Welcome to my project MediaLearn, which is established for the purpose of learning and sharing audio and video knowledge. Currently, it is only limited to the Android platform and will be gradually expanded in the future. Friends interested in audio and video field knowledge, welcome to learn together!!

The feed

This is the third chapter in the MediaCodeC series on how to use MediaCodeC to encode photo sets as video files. MediaCodeC is a very useful API for handling Android multimedia. In this experiment, the set of images used is MediaCodeC hard decoded video, and the video frames are stored in the image file article. The set of images decoded from the video has a total of 332 image frames.

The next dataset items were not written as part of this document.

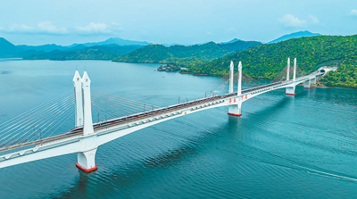 圖為4月26日,復興號智能動車組列車駛過池黃高鐵太平湖特大橋。王 磊攝(人民視覺)
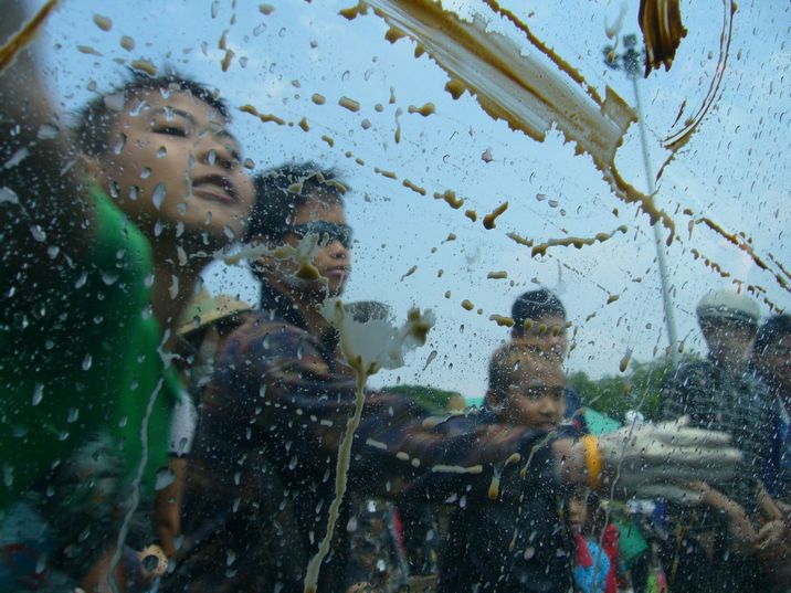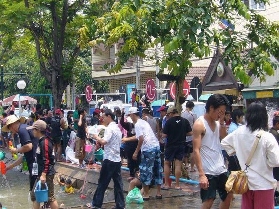 タイ人の若い子たちは、トラックみたいな車の荷台に何人もで乗り込み、大きなドラム缶からバケツで無差別に水をまく。
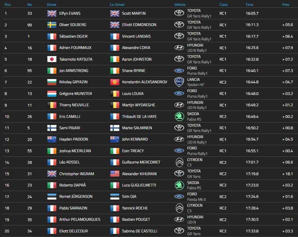 Grégoire Munster-Louis Louka (Ford Puma Rally1) cederam 42.3s, Thierry Neuville-Martijn Wydaeghe (Hyundai i20 N Rally1), sem confiança no carro, 43.5s e mais atrás, seguindo-se Eric Camilli-Thibault De La Haye (Skoda Fabia RS Rally2), Sami Pajari-Marko Salminen (Toyota GR Yaris Rally1), Hayden Paddon-John Kennard (Hyundai i20 N Rally1) e Joshua Mcerlean-Eoin Treacy (Ford Puma Rally1).
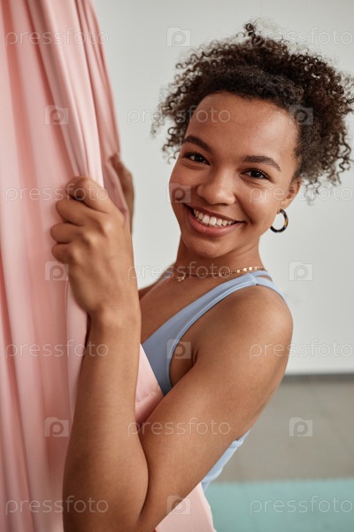 Молодая чернокожая женщина улыбается перед камерой на гамаке в классе воздушной йоги
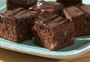 3.To make Chocolate Glaze: Melt chocolate and butter in a small saucepan over low heat. Remove from heat and stir in corn syrup, milk, and vanilla beating until smooth. Pour over brownies. Cool 1 hour; cut into squares.
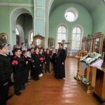 Ребята и преподаватели сначала помолись за Божественной Литургией, по окончании которой священник рассказал о жизни Пресвятой Богородицы.
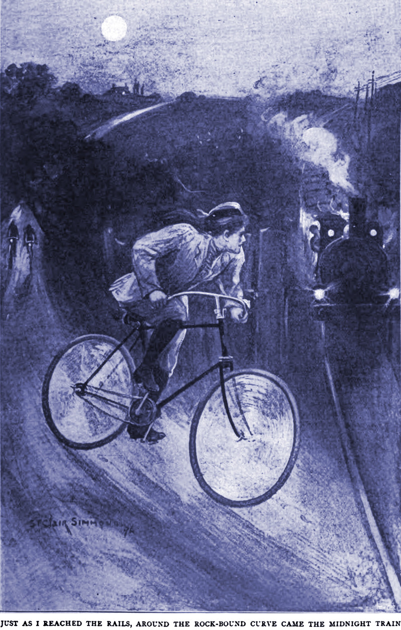 "Just as I reached the rails, around the rock-bound curve came the midnight train."  From English Illustrated, 1896.
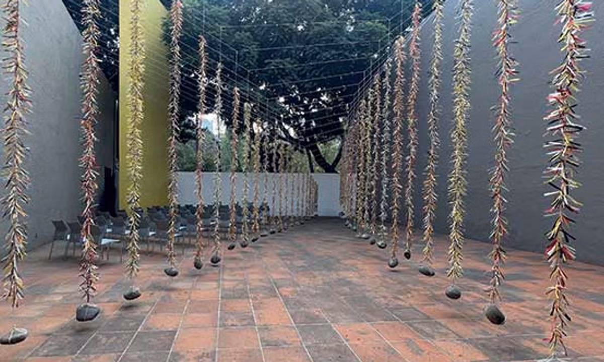 Rather than creating a historic museum, Unam, through its dirección general de artes visuales, sought to revive Goeritz’s vision through temporary programming of site-specific projects in dialogue with the space. The patio—where Goeritz originally installed his steel sculpture Serpiente de El Eco (1953), now exhibited at the Museo de Arte Moderno—is often a protagonist. The original bar counter was kept, in line with Mont’s vision. Since its reopening exhibition, curated by then-director Guillermo Santamarina and featuring Gabriel Orozco’s football installation Balones acelerados (2005), the museum has hosted multiple projects.
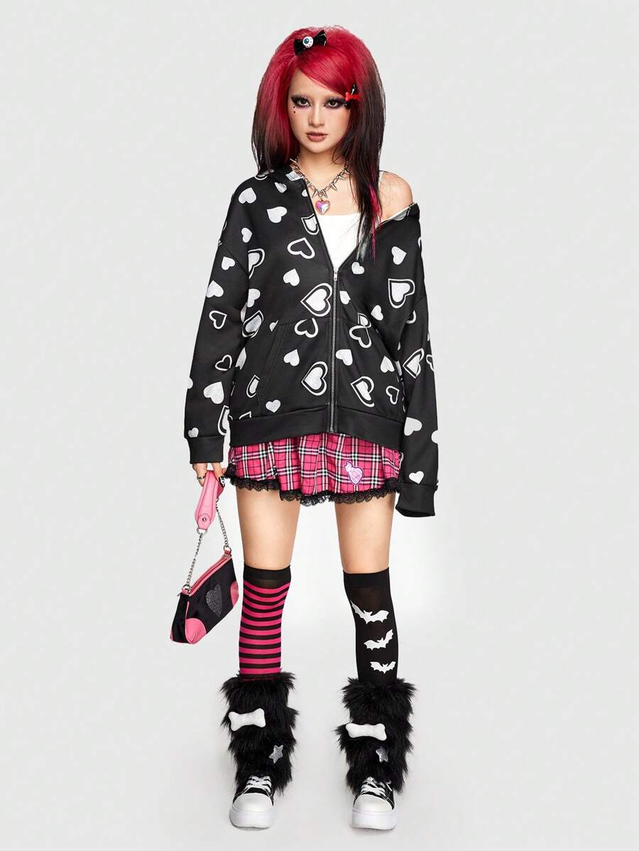 ROMWE Avant Sweat À Capuche Zippé En Forme De cœur À Imprimé Complet Pour Femmes
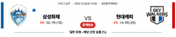 삼성화재는 개막전에서 OK저축은행에 2대3으로 패하며 아쉬운 출발을 보였다. 미힐 아히(OP)가 26점, 김우진(OH)이 20점으로 분전했지만 송명근(OH)의 시즌 아웃 공백이 크게 느껴졌고, 세터 도산지(S)의 교체 이후 경기 운영이 흔들리며 결정력이 부족했다. 반면 현대캐피탈은 개막전에서 KB손해보험을 상대로 3대2로 이기며 디펜딩 챔피언다운 저력을 보여줬다. 공격 밸런스와 수비 안정에서 앞선 현대캐피탈이 다시 한번 힘의 우위를 점하며 연승을 이어갈 가능성이 높다.
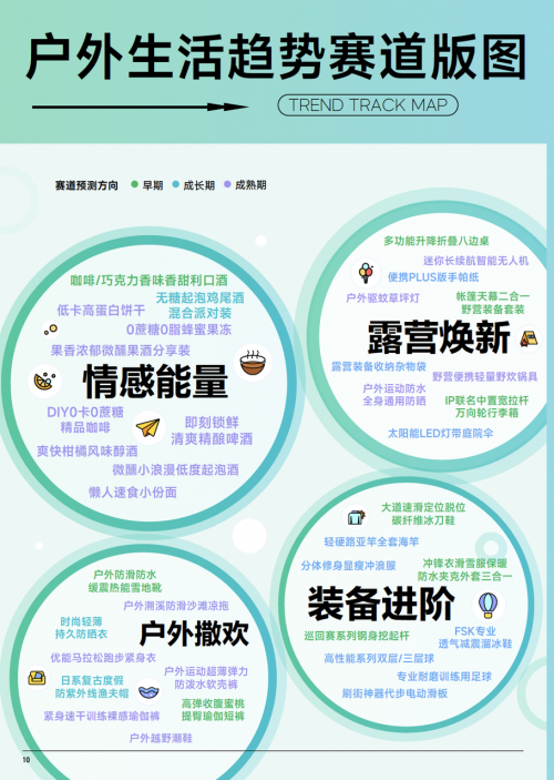 巨量算數(shù) & 算數(shù)電商研究院綜合趨勢賽道評估模型,篩選出了 38 個戶外生活行業(yè)趨勢賽道,覆蓋運(yùn)動用品、戶外用品、箱包、方便食品、酒飲等多板塊,我們認(rèn)為推動品類的創(chuàng)新力集中在功能創(chuàng)新、場景創(chuàng)新和情感創(chuàng)新。
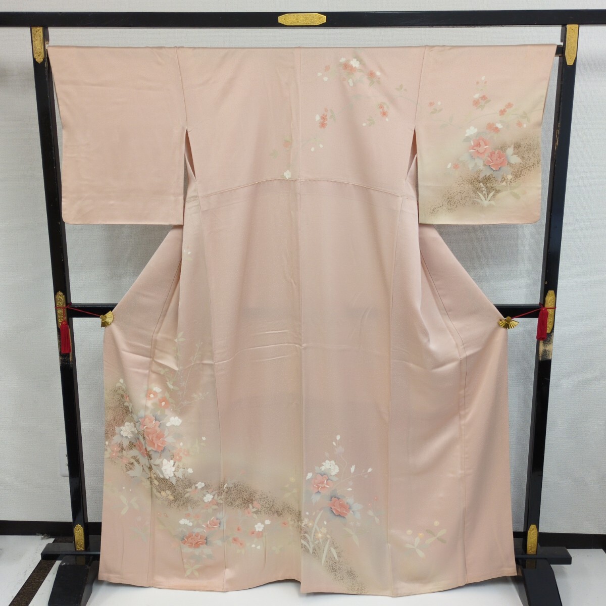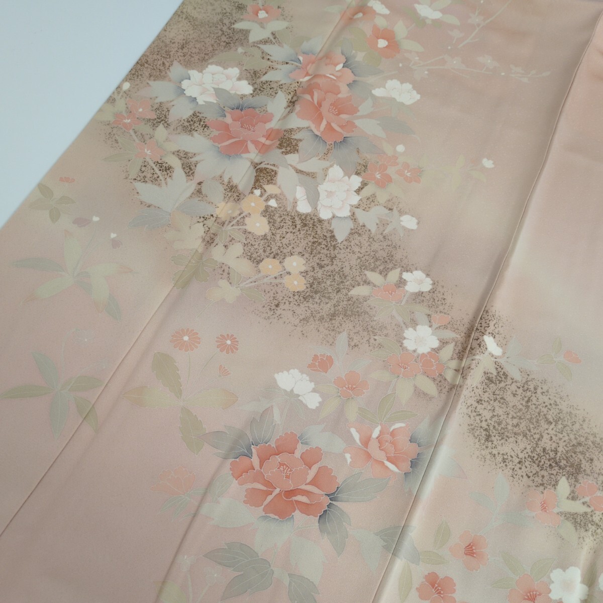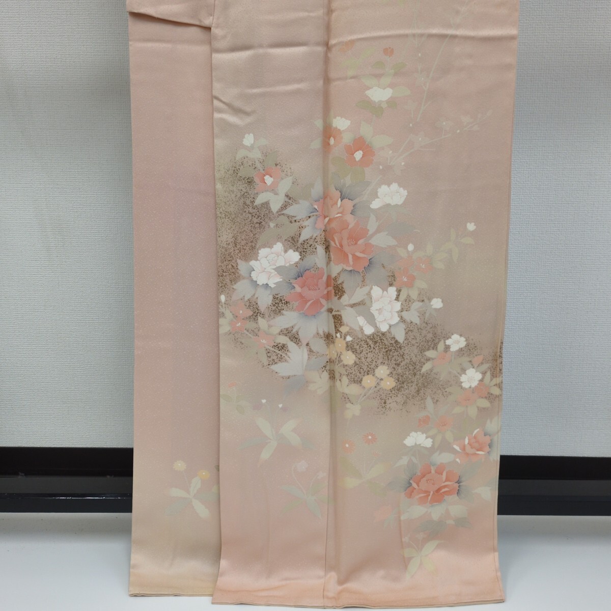【楓】裄67 付け下げ 正絹 紋なし 金彩 染めの美しい花 袷 着物 KK-1853
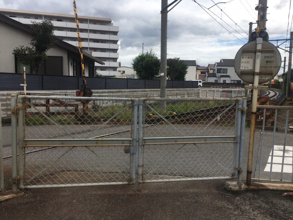 田中口駅構内から撮影。車イス用の扉は踏切内にあるので、電車発着時間に余裕があれば大丈夫なのだけどどきどきしてしまう。上記の参考サイトにもあったように扉自体が大きく、車イスユーザーにはちょっと開閉が難しそう。
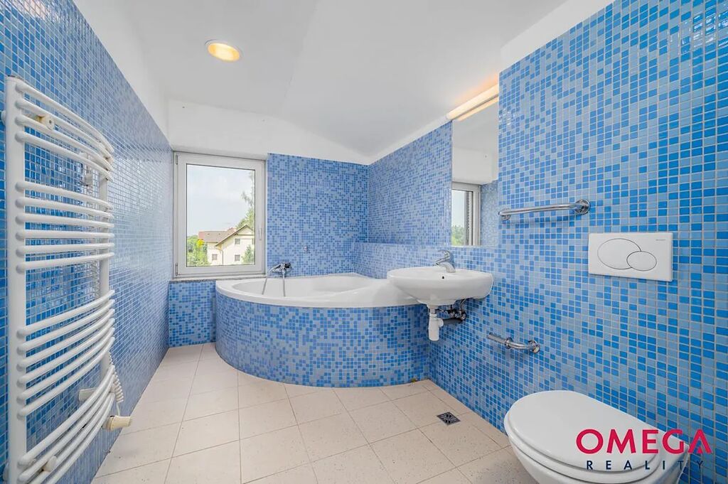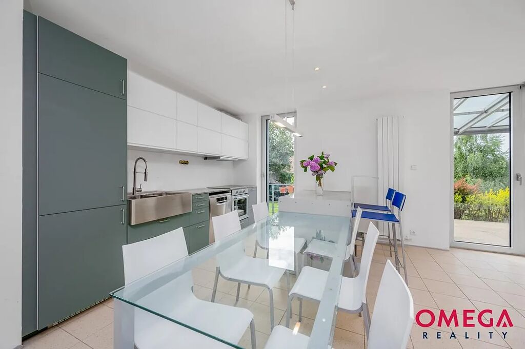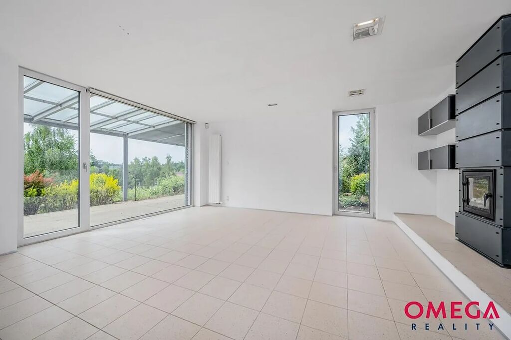 Exkluzivní nabídka pronájmu moderního RD o velikosti 4+kk o výměře cca 126 m2 se zahradou 875 m2 Dům bude připraven k nastěhování od 3.11.2025. Jednopatrový dům je postaven dle návrhu architektonického studia Schaufler a Roskovec. Skládá se z velkého obývacího prostoru (s krbem) s novým kuchyňským koutem, pracovny v přízemí a dvou ložnic v patře. V přízemí je dále malá koupelna se sprchovým koutem, komora + vestavěné skříně v chodbě. V prvním patře se nachází velká koupelna s rohovou vanou a technická místnost pro praní a žehlení. Vkusná nově pořízená kuchyňská linka je vybavena vestavěnými spotřebiči (sporák se sklokeramickou deskou Miele, ledničkou s mrazákem a myčkou). V obývacím pokoji je krb. Dvě terasy se vstupem z obývacího pokoje. Stání pro 4 vozy. Nemovitost je nově napojena na kanalizační řád. Služby zahradníka jsou zahrnuty v ceně nájmu. Veškerá občanská vybavenost v obci Kamenice 5 minut autem. Klidné okolí v blízkosti přírody, 20 min. na M Chodov a 25 min. na Vinohrady (Flora) a 1 min. autem na zámek Štiřín (golf). Dům má alarm a na míru dělané bezpečnostní uzamykatelné panely. Dobrá dopravní dostupnost do Prahy. Odběr elektřiny a plynu se převádí na nájemce.
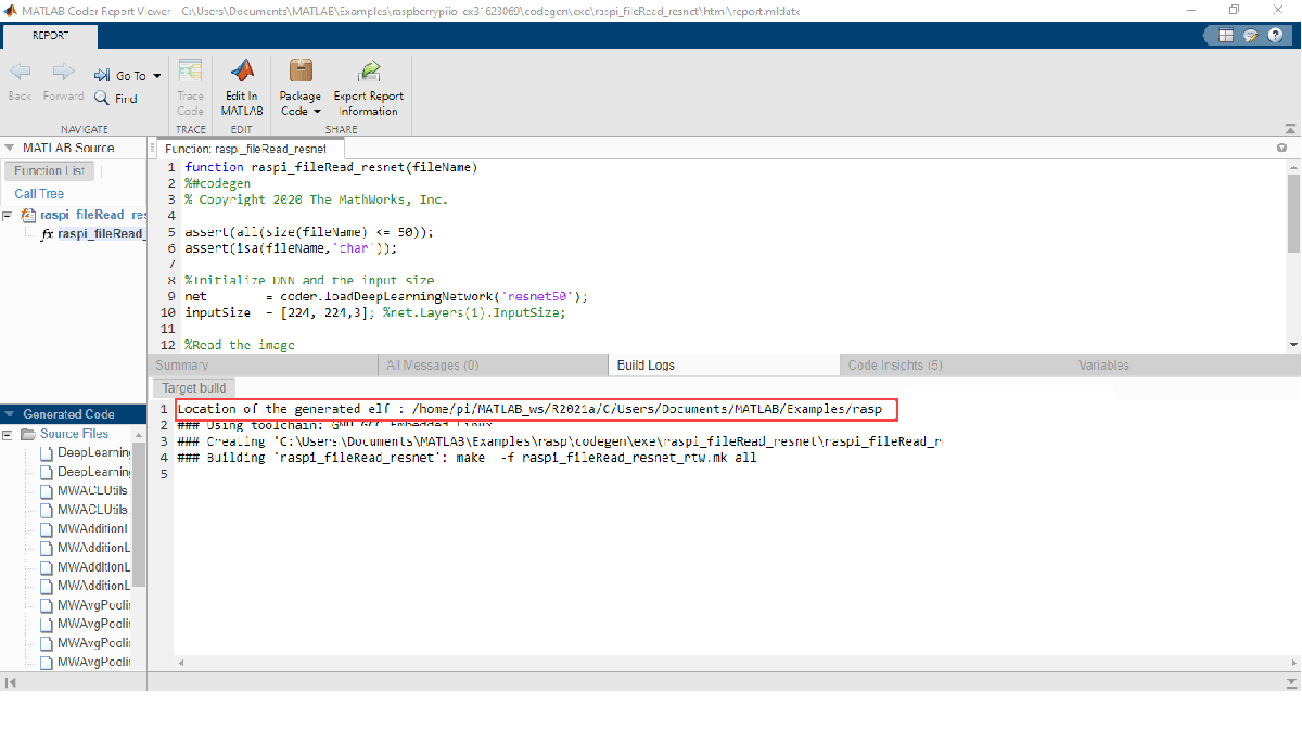 deploy(board,'raspi_fileRead_resnet')The deploy function initiates code generation of the raspi_fileRead_resnet function.
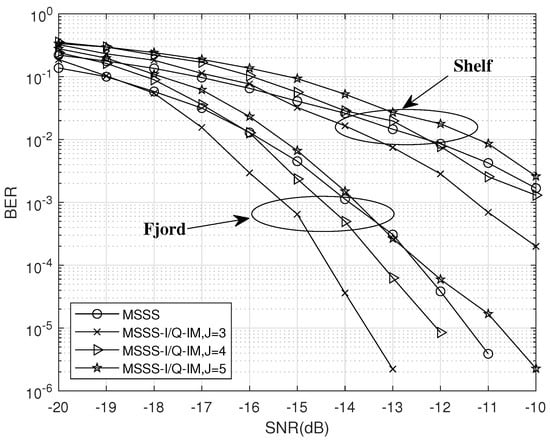 Figure 5 analyzes the influence of parameter J on the BER performance of the systems under the two UWA channels. The length of spreading sequence , and the cyclic shift step size chips. From the overall trend of the curves, the BER over the Fjord channel is better than that over the Shelf channel. When , compared with the MSSS system, the MSSS-I/Q-IM system has been able to achieve better BER performance in both UWA channels. In addition, the BER performance gain is larger over the Fjord channel, which means that with the increasing of channel complexity, the performance advantage that the MSSS-I/Q-IM system achieved will decrease. However, according to the influence of J on the BER performance, it indicates that the MSSS-I/Q-IM system has more flexibility.
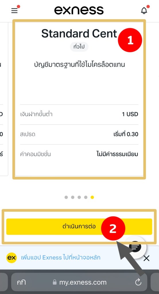 เลือกบัญชีเทรดแล้ว คลิ๊ก “ดำเนินการต่อ”

If you are interested in MediaCodeC video decoding, you can also browse the previous article: MediaCodeC video decoding with specified frames, fast and accurate

The core processes

The normal workflow of MediaCodeC is to take the available input queue and populate it with data; Get the available output queue, fetch the data, and repeat until the end. In general, the fill and take out actions are not instantaneous, that is to say, it is not possible to press a frame of data and take out a frame of data. Except, of course, when every frame of the encoded video is a key frame. In general, both input and output buffers are written as follows:

for(;;) {// Get the id of the available InputBuffer int inputBufferId = codec.dequeueInputBuffer(timeoutUs);if(inputBufferId >= 0) {ByteBuffer inputBuffer = codec.getinputBuffer (...) ; // inputBuffer fills data codec.queueInputBuffer(inputBufferId...) ; } / / query whether there is available OutputBuffer int outputBufferId = codec. DequeueOutputBuffer (...). ;Copy the code

The coding core flow of this article is similar to the above code. The InputBuffer is replaced by Surface, and Surface is used instead of InputBuffer to fill data.

Why use Surface

There is a description of the Data Type in the official MediaCodeC documentation:

CodeC accepts three types of data: compressed data, raw audio data and raw video data. All three types of data can be processed as Bytebuffers. But for raw video data, Surface should be used to improve CodeC performance.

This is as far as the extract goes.